Gaming Editor Louis Wright discusses what ChatGPT beating the Turing Test could mean for how we as humans test AI in the future.
I propose considering the question, ‘Can machines think?’” as the core idea behind Computing Machinery and Intelligence (Alan Turing, 1950). The paper considers the idea of digital computers designed to carry out human tasks, and how they can be developed to imitate and replicate human actions, speech, and emotion in time. Therefore to be certain of whether or not a computer can accurately pass as human, a standard testing method is required.
‘The Imitation Game’ or more commonly known as ‘The Turing Test’ is the proposed test within the paper. Its simplest form consists of 2 people (labelled as B and C) and the computer system (labelled as A). C must act as an interrogator to A and B. A and B both try to convince the interrogator that they are human while C must determine the answer using only written notes from the two. If C is unable to consistently determine the human then A (the computer) wins, otherwise it loses.

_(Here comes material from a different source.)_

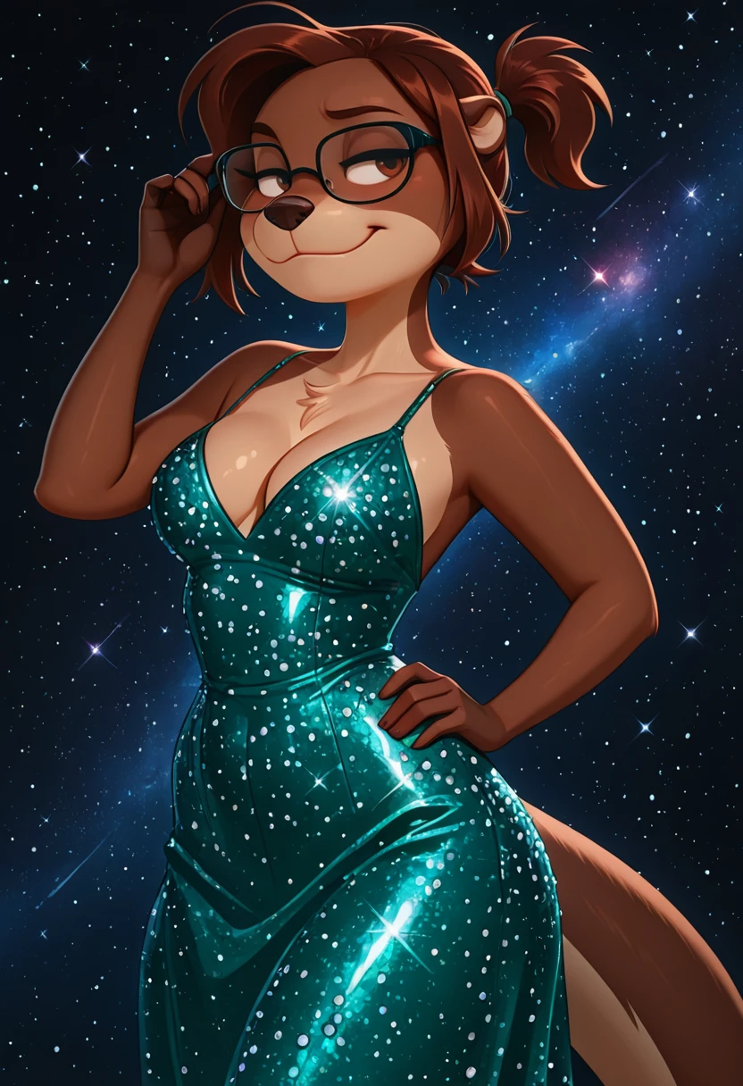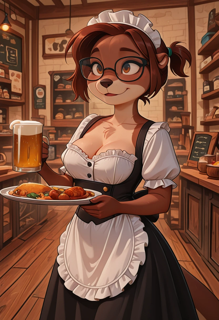 Create Sonia, a female furry otter with brown fur and a short ponytail in the back and glasses (if desired).

ChatGPT 4.0 has beaten the Imitation Game. While not the first to pass the Turing Test, the prize for which goes to AI program Eugene Goostman, the AI turned social phenomenon is one of the few to have successfully surmounted the challenge. But what does passing the Turing Test mean for AI, and future testing procedures?
The Turing Test is, simply put, an intelligence test. It is used to see if an AI is capable of reaching a human-like intelligence. However, while an AI may be able to reach the intelligence levels of a human, this does not mean that it is aware – with the current standards of AI, anything that it produces is a replication of humanity, not self-aware thought.

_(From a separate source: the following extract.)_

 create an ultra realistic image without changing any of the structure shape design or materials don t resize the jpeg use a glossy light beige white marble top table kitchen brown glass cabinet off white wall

Therefore, for better or for worse, ChatGPT passing the Turing Test does not mean that AI will rise to take over humanity. As it stands AI is not capable of true self-reflection and awareness, and is limited in what it can accomplish. An often repeated thought states that the computer beating the Imitation Game is not the worry, but the one intentionally failing it. The idea of an AI that purposefully hides its intelligence levels is sinister. However, due to a crucial lack of critical thinking in AI, this will likely never occur. But it does provide an insight into the limitations of the Turing Test.
Most prominently, the Turing Test is limited in the intelligence levels it can test for in a computer program. Due to the program in question having to meaningfully fool a human, an AI can only be tested up to a human level intelligence. Therefore as AI is becoming increasingly smarter new tests are necessary in order to properly assess the intelligence levels of an AI on scale with humans.

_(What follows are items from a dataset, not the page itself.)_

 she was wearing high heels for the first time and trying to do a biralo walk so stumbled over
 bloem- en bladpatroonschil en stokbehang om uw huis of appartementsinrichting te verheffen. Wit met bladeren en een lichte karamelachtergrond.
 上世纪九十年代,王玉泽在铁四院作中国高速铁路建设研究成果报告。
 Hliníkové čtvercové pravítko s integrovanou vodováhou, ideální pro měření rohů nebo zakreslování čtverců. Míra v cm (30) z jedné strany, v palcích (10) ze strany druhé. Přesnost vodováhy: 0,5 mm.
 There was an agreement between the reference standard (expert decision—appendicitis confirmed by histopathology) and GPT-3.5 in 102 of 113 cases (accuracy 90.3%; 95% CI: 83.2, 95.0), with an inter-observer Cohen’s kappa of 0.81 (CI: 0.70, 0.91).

AI testing, both in terms of the Turing Test and other means, focuses on two factors. Non-determination is the ability of the software to adapt and change even with the same inputs, while fuzziness is the assessment of right or wrong answers on a scale rather than a binary. By utilising these concepts AI testing can be developed and adapted past the Turing Test.
Self-testing is a prominent method for measuring the intelligence of an artificial intelligence. The adaptive nature of AI ensures that systems are able to routinely perform the same testing procedures and alters the parameters that test the limits and capabilities of a given system. By setting the parameters in question to either be data being tested through the system, or components of the system itself, the scope of an artificial intelligence can be firmly established through the means of self-testing without limiting the measurement to that of human capabilities.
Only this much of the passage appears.